### The problem:
Go through the material below and return each line with the string "Bengal" in it.

------ Source material

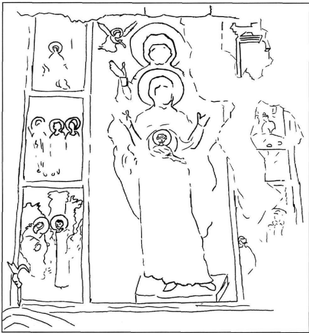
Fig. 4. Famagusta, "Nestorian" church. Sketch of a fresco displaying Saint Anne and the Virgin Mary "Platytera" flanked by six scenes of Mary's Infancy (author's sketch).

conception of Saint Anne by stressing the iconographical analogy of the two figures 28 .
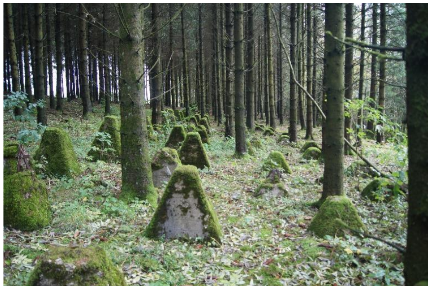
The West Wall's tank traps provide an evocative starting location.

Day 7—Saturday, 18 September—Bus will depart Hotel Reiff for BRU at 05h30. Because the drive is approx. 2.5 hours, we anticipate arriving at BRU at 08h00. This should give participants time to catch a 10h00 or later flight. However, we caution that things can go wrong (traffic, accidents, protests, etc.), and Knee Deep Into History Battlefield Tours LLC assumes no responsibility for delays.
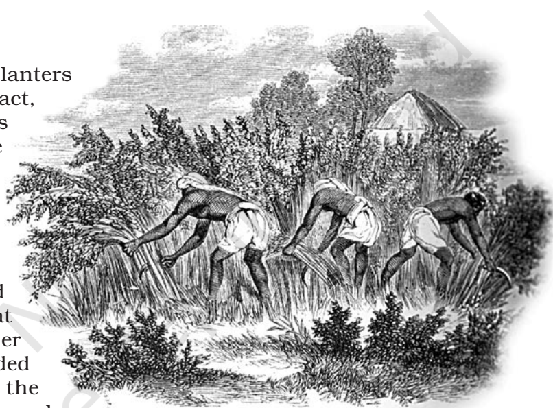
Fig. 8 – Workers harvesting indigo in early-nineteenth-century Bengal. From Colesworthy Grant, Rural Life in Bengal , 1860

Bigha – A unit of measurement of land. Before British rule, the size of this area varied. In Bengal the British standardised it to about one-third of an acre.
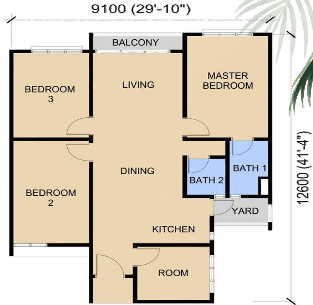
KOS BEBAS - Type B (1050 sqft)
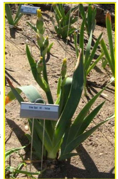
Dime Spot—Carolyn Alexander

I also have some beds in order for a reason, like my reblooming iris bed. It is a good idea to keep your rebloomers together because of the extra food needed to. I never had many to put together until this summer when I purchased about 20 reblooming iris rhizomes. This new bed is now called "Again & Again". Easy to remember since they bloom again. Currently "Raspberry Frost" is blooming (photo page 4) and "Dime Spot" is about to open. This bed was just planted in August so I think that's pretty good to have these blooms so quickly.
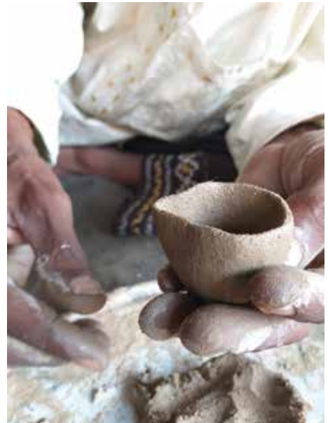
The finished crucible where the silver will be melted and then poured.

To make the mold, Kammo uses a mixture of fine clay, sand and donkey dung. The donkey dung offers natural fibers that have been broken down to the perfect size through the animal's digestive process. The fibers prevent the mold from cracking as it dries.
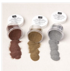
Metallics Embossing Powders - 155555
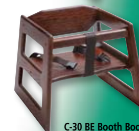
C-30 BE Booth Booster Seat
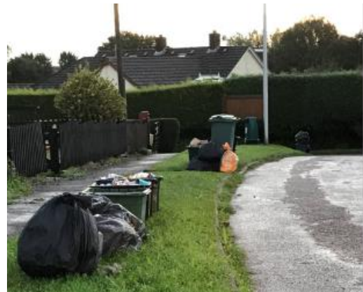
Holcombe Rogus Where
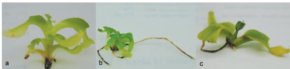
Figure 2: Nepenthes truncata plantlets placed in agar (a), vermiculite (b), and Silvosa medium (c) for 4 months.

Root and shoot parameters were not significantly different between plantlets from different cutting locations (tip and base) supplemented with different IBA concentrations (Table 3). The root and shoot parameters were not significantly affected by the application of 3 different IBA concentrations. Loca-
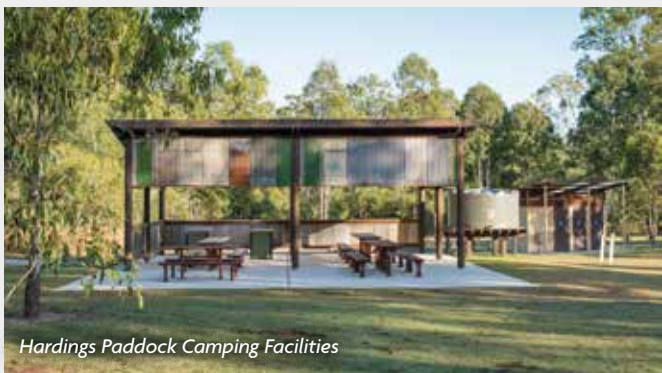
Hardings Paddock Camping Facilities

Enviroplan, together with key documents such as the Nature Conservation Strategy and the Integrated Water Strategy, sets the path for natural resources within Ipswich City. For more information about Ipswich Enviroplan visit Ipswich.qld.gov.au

------------
------ Source material

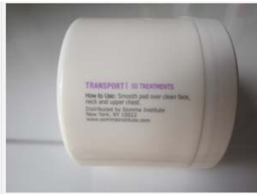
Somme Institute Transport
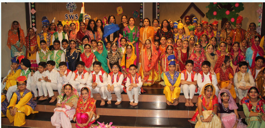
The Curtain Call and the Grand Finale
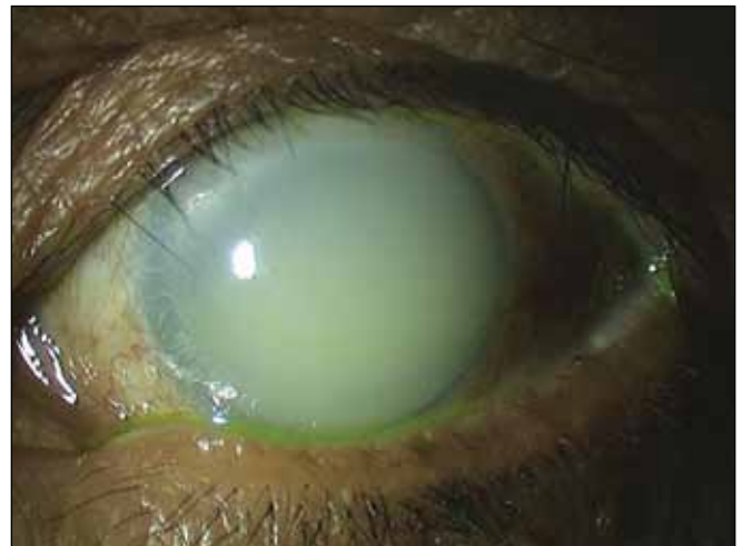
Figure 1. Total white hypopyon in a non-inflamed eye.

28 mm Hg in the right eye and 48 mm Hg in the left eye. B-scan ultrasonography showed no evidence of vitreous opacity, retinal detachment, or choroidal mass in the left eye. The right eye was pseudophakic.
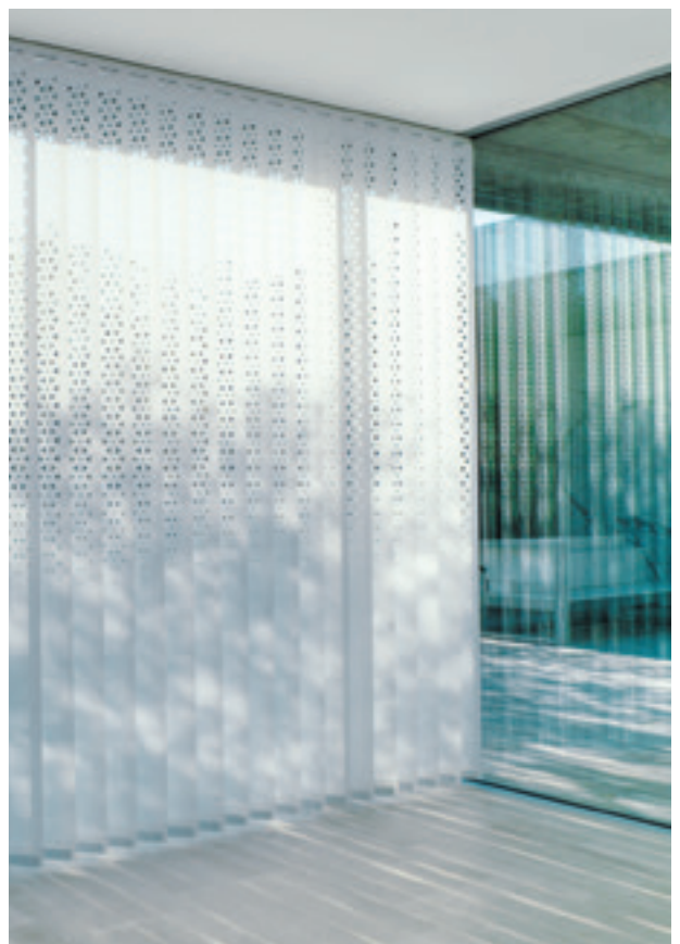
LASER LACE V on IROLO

------------

### Task response:
Fig. 8 – Workers harvesting indigo in early-nineteenth-century Bengal. From Colesworthy Grant, Rural Life in Bengal , 1860
Bigha – A unit of measurement of land. Before British rule, the size of this area varied. In Bengal the British standardised it to about one-third of an acre.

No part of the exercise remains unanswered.